> [Problem statement]: Only the lines from the one containing "Ce papier peint" through the end of the records should be retyped, exactly and including both ends; pictures stay out.

◇ ◇ ◇ ◇

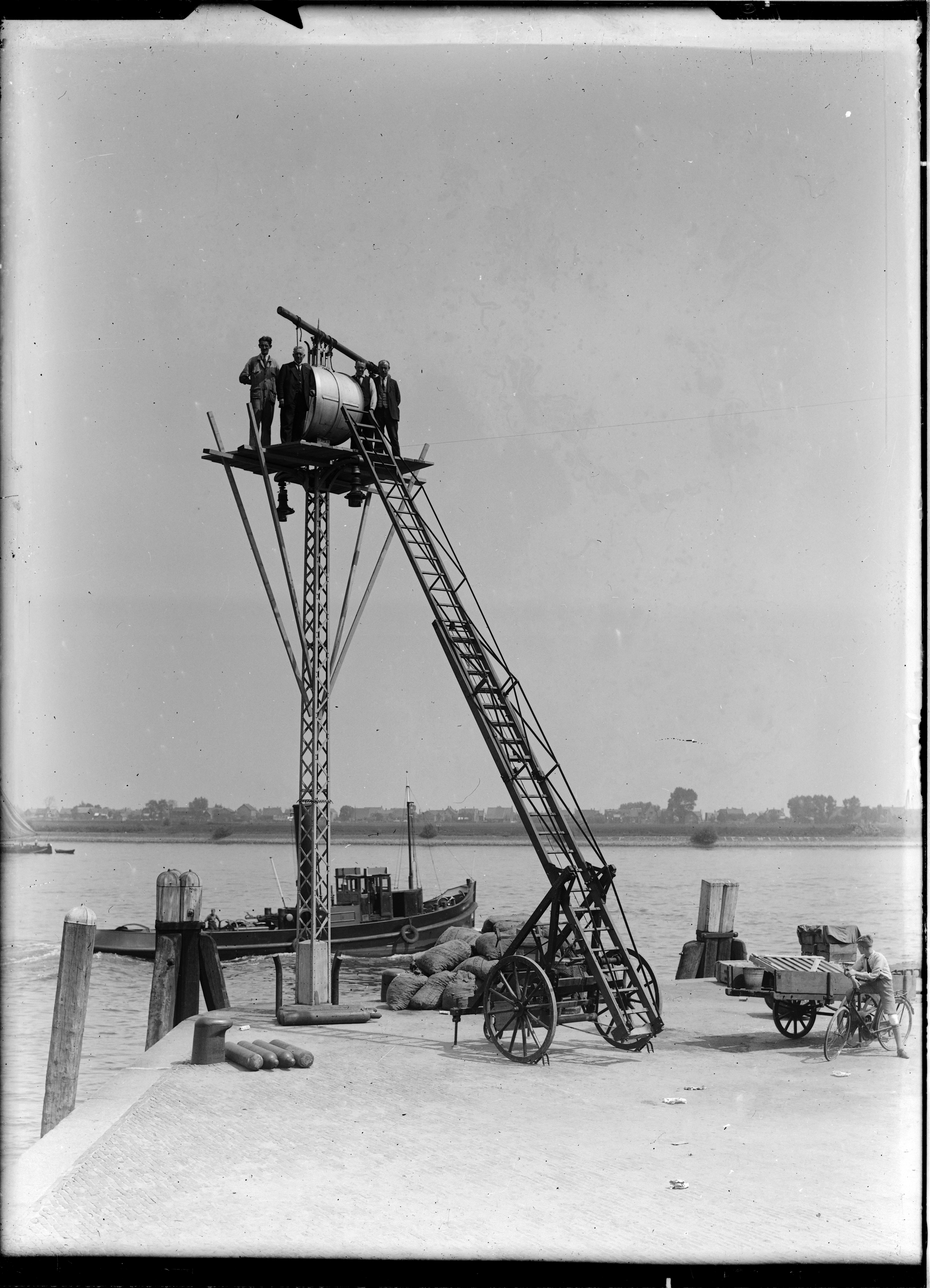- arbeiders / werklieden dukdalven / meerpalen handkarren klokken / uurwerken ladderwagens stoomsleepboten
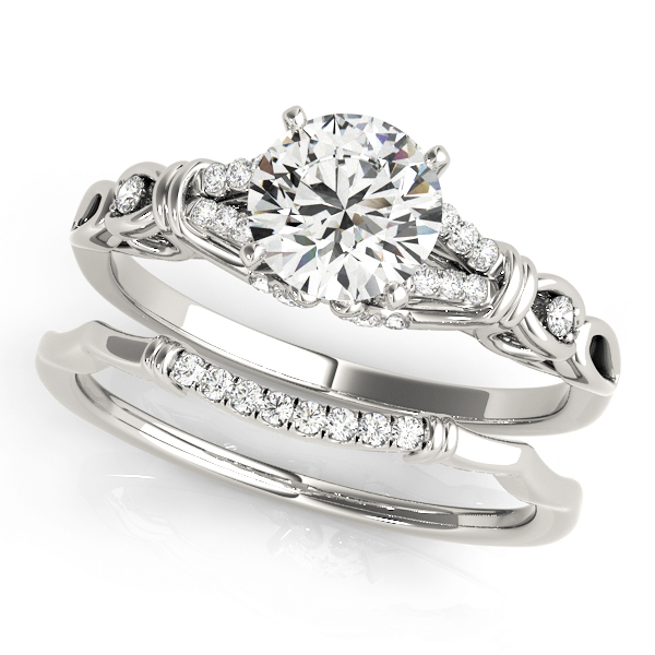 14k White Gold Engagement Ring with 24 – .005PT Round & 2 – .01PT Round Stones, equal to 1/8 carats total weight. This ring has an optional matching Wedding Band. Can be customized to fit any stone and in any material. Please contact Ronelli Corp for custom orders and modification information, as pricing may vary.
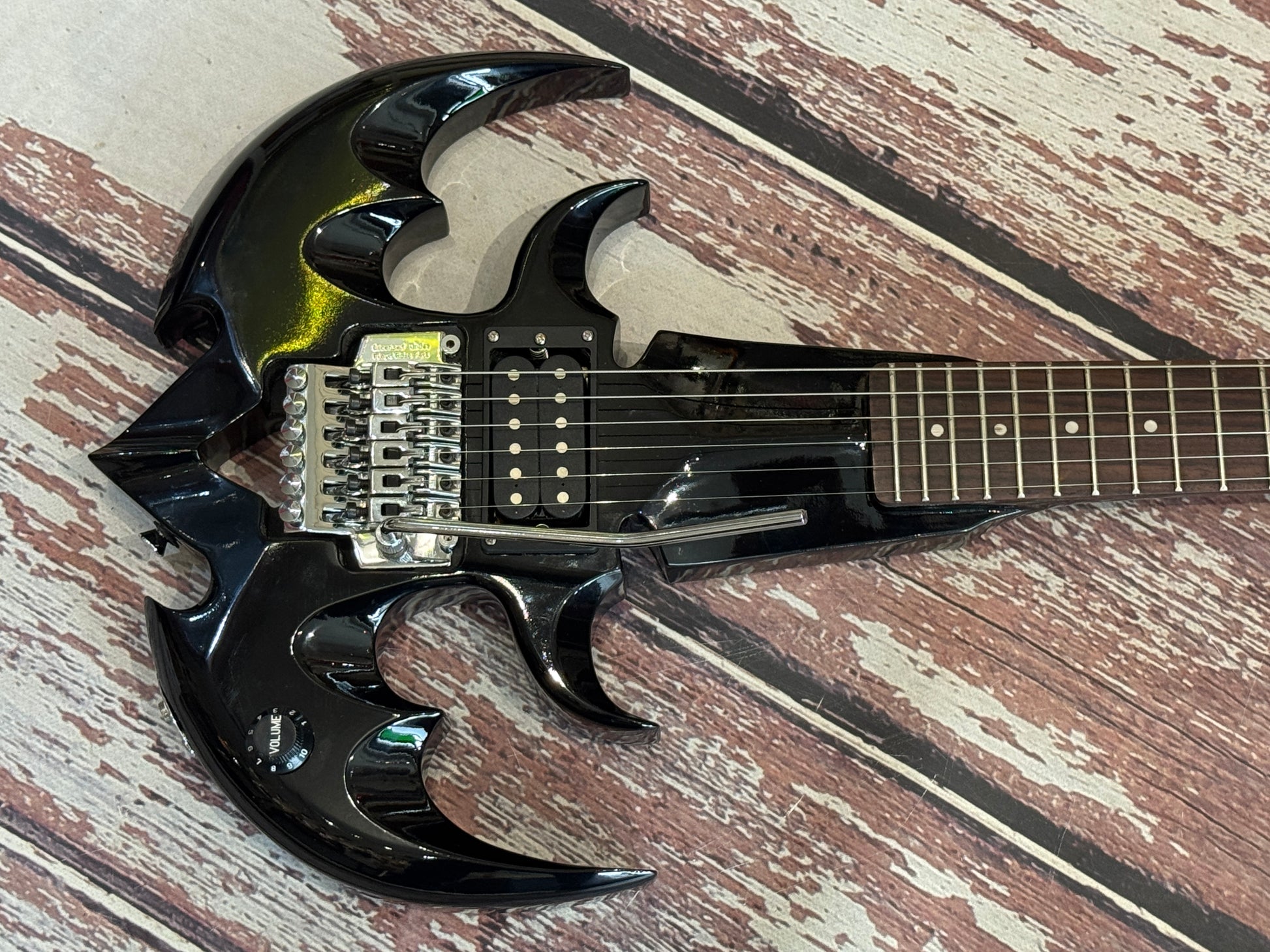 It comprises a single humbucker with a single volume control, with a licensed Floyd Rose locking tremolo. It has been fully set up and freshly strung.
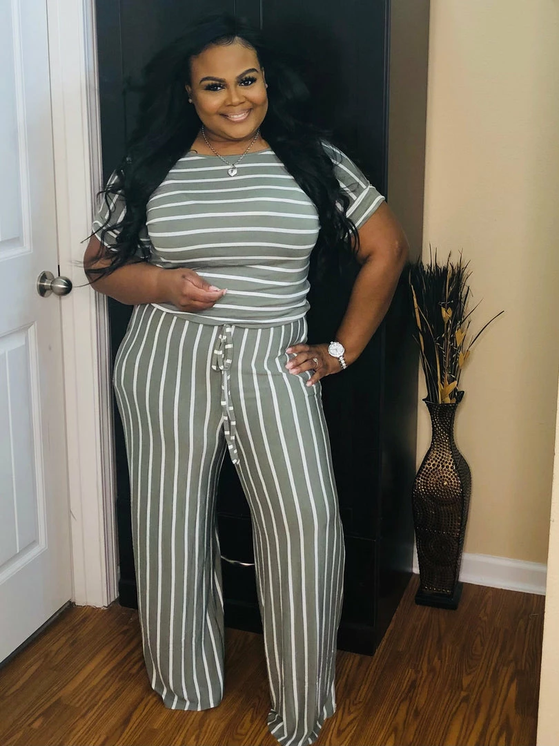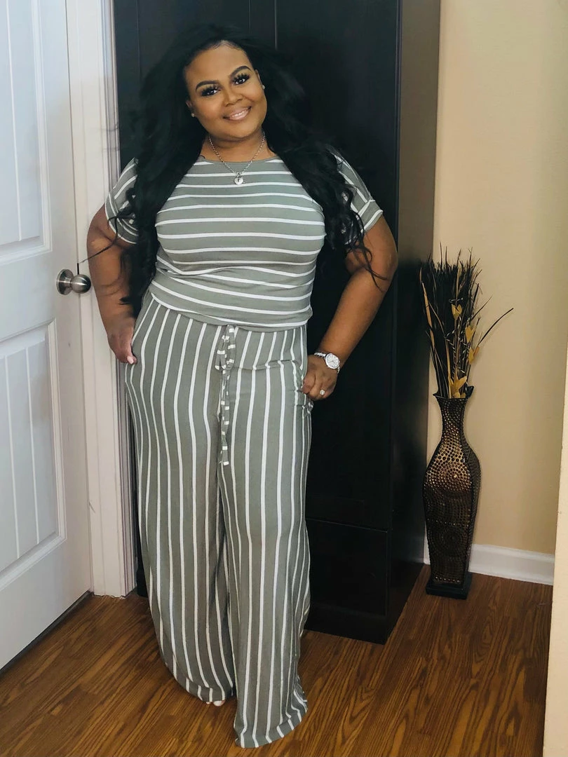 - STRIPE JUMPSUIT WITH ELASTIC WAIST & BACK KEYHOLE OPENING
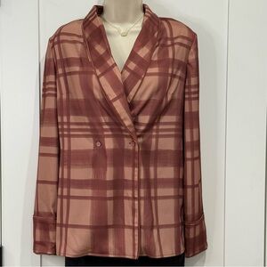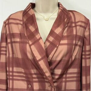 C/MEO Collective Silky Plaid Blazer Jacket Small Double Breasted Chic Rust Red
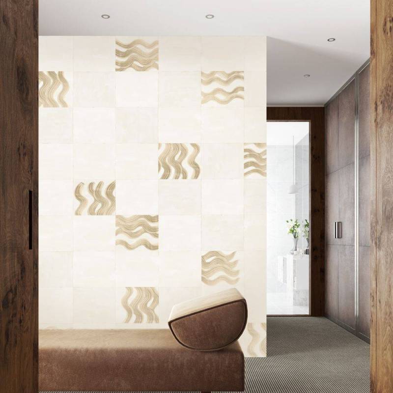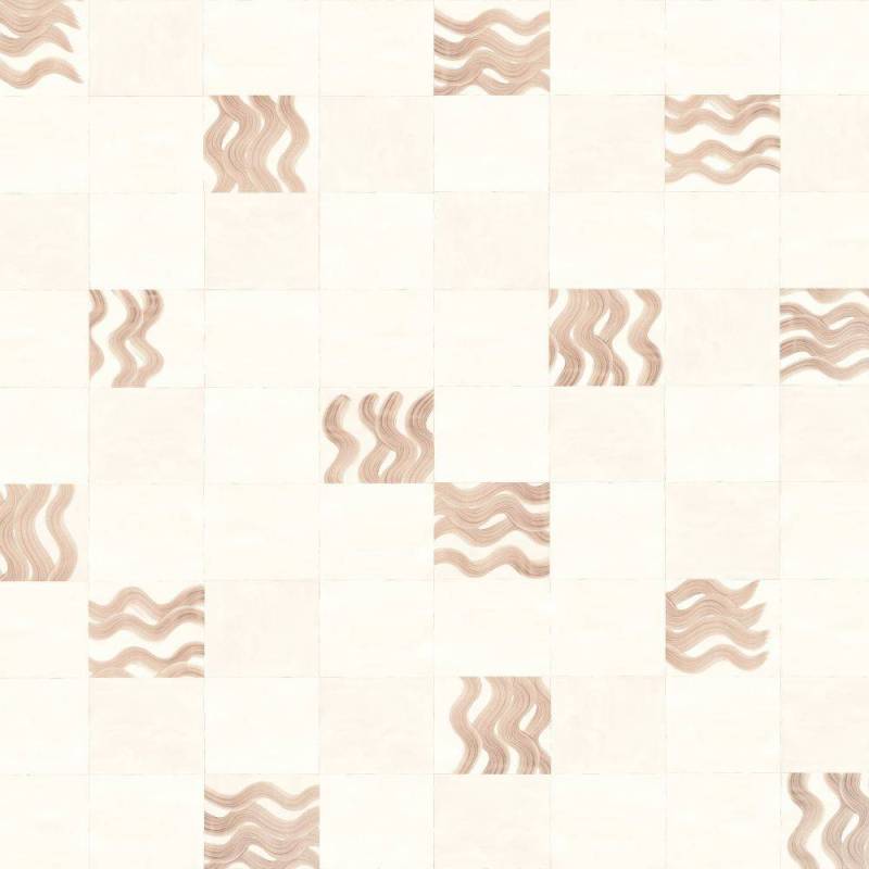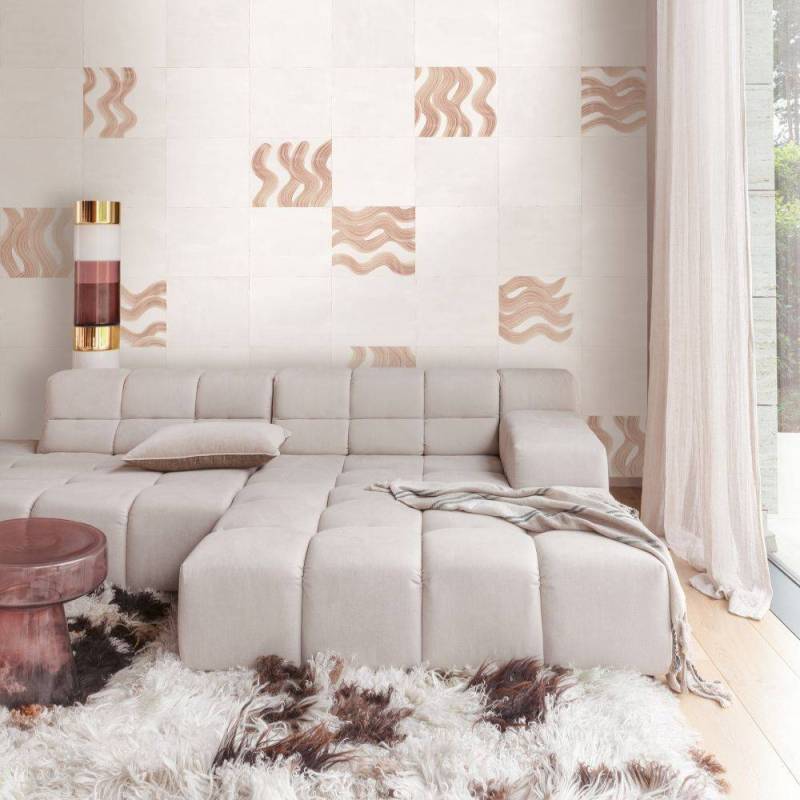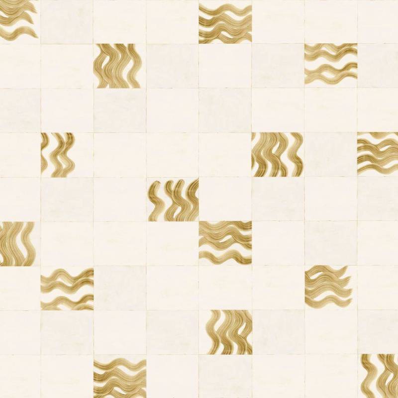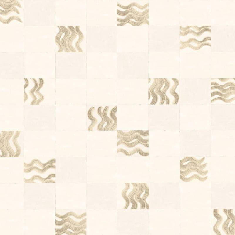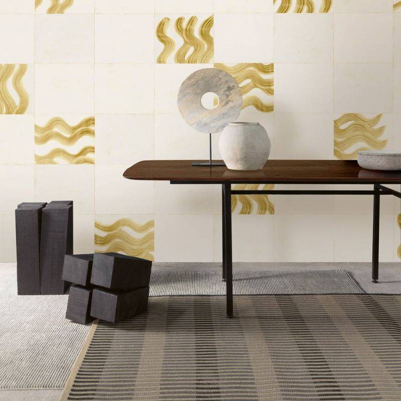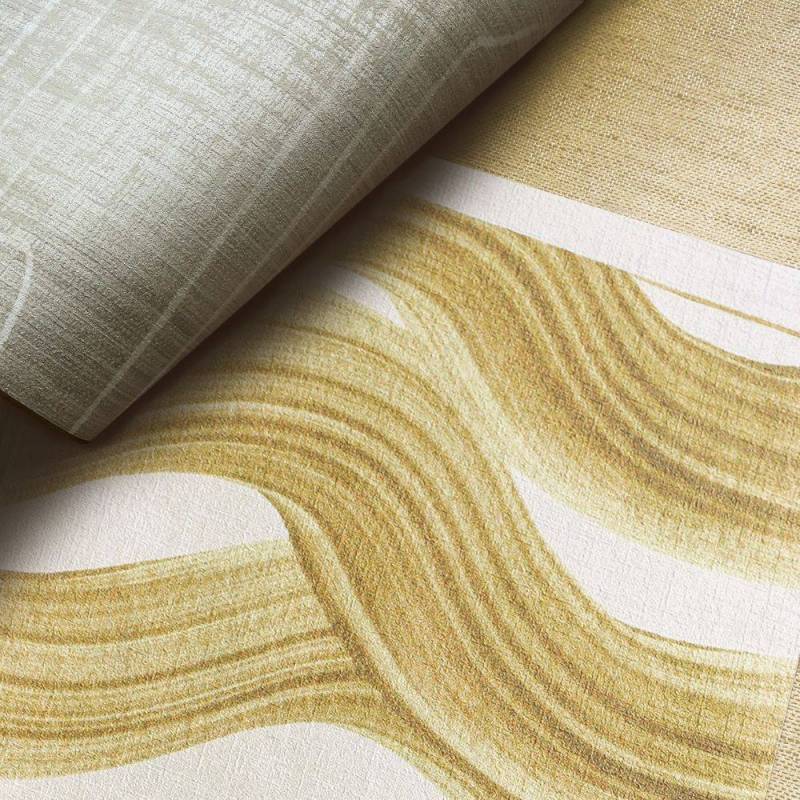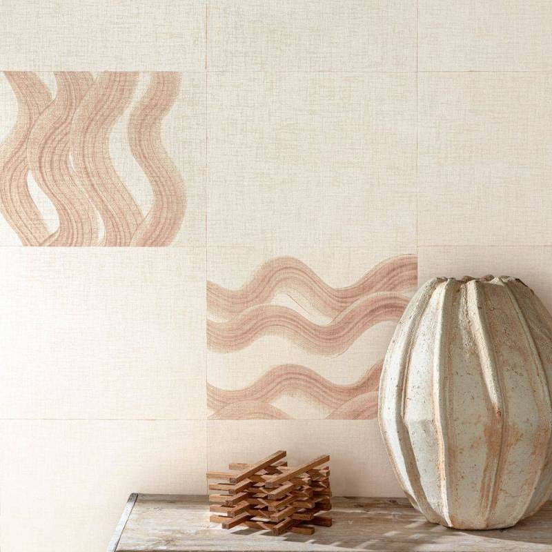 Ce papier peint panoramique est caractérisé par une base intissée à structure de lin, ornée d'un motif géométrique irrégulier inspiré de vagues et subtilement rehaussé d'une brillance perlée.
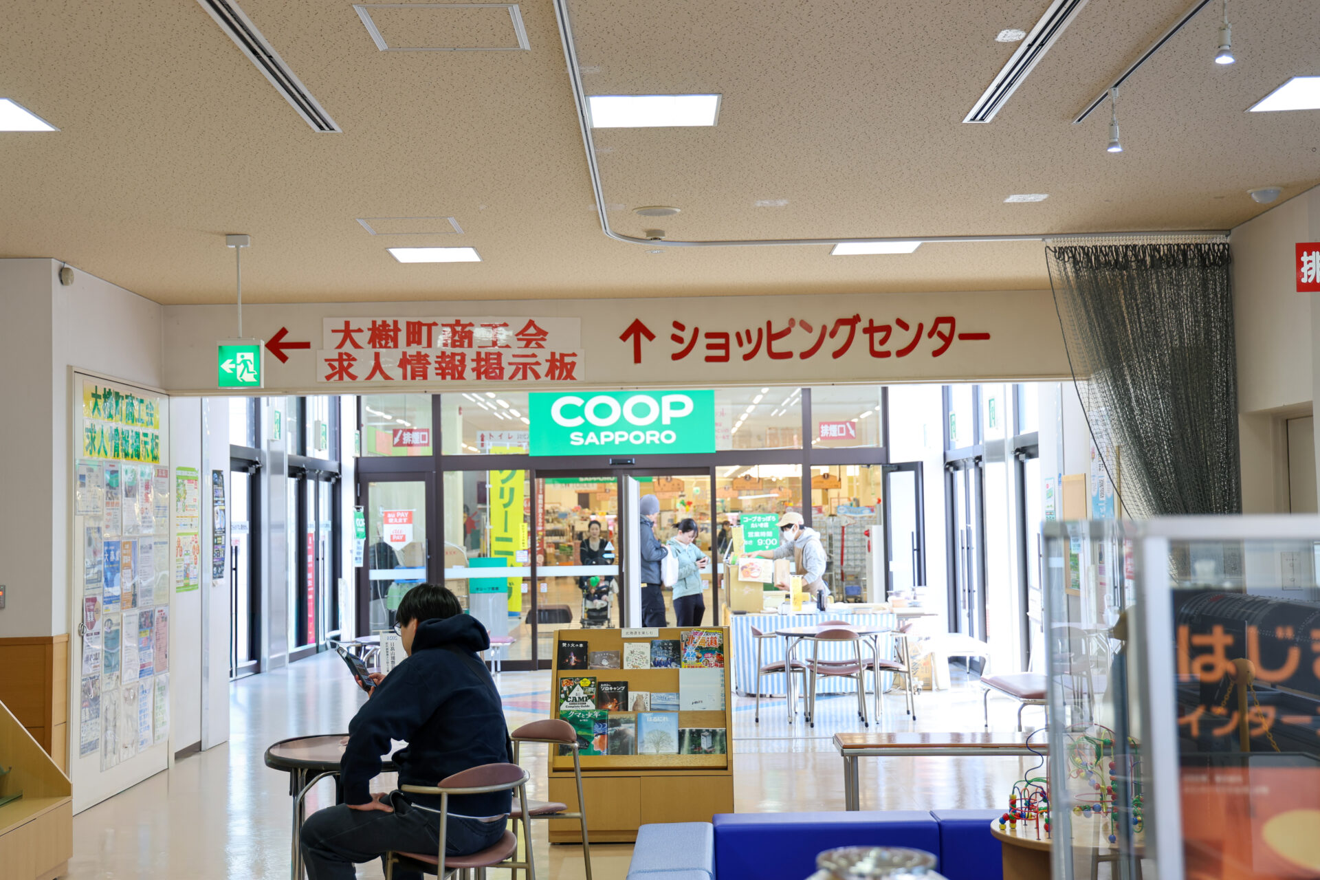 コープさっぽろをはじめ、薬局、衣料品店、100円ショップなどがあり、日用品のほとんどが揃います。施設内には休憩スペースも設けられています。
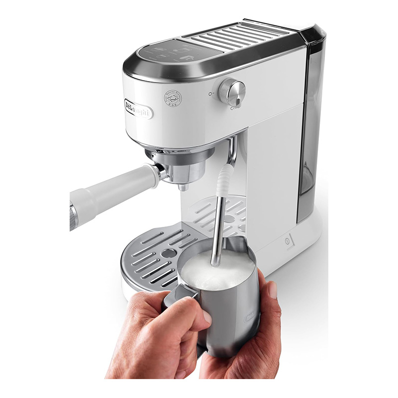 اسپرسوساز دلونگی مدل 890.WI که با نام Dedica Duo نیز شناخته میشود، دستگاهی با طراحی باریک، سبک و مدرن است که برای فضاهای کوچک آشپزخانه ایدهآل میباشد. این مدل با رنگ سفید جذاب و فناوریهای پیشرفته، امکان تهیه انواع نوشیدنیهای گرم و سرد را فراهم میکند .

◇ ◇ ◇ ◇

> [Answer section]:
 Ce papier peint panoramique est caractérisé par une base intissée à structure de lin, ornée d'un motif géométrique irrégulier inspiré de vagues et subtilement rehaussé d'une brillance perlée.
 コープさっぽろをはじめ、薬局、衣料品店、100円ショップなどがあり、日用品のほとんどが揃います。施設内には休憩スペースも設けられています。
 اسپرسوساز دلونگی مدل 890.WI که با نام Dedica Duo نیز شناخته میشود، دستگاهی با طراحی باریک، سبک و مدرن است که برای فضاهای کوچک آشپزخانه ایدهآل میباشد. این مدل با رنگ سفید جذاب و فناوریهای پیشرفته، امکان تهیه انواع نوشیدنیهای گرم و سرد را فراهم میکند .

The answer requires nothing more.